*Material shown*.
>>>
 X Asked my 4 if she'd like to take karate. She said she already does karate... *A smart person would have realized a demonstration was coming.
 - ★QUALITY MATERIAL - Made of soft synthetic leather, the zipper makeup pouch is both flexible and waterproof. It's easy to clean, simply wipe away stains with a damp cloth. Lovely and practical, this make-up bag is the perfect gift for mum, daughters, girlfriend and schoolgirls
<<<
>>>
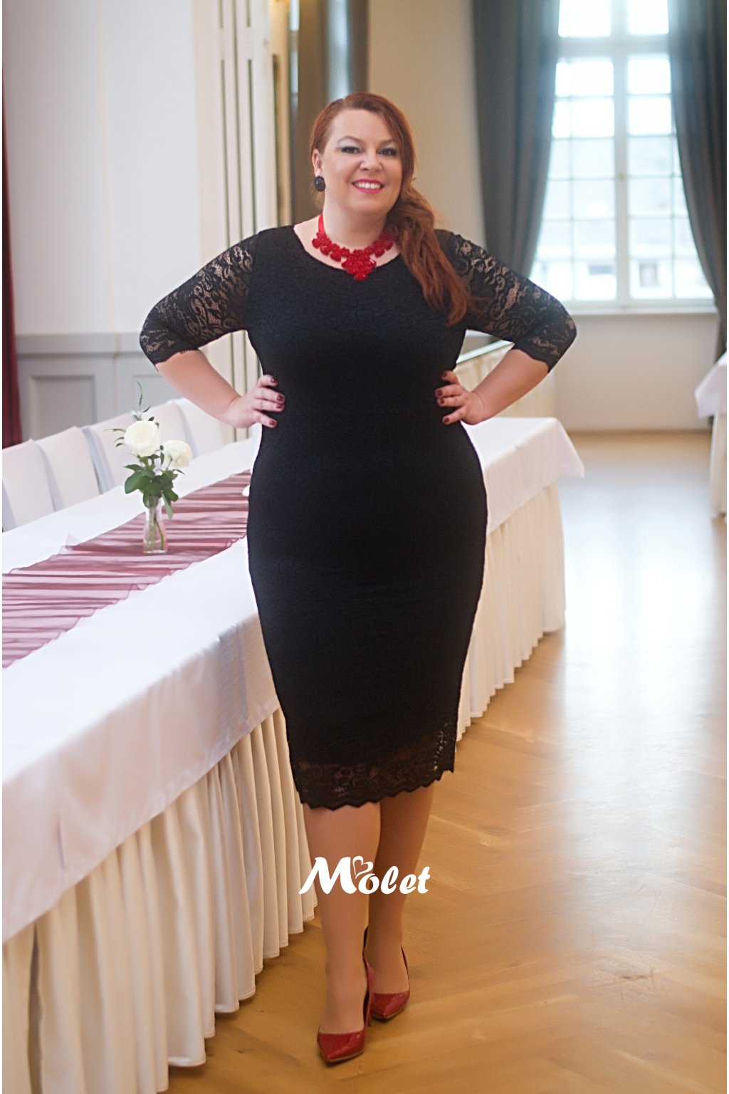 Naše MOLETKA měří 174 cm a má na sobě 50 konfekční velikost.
<<<
*To do*.
Look above for the line holding "X Asked my 4" and the line holding "- ★QUALITY MATERIAL", then output exactly those two lines and every line between them, nothing more.

*Expected output*.
 X Asked my 4 if she'd like to take karate. She said she already does karate... *A smart person would have realized a demonstration was coming.
 - ★QUALITY MATERIAL - Made of soft synthetic leather, the zipper makeup pouch is both flexible and waterproof. It's easy to clean, simply wipe away stains with a damp cloth. Lovely and practical, this make-up bag is the perfect gift for mum, daughters, girlfriend and schoolgirls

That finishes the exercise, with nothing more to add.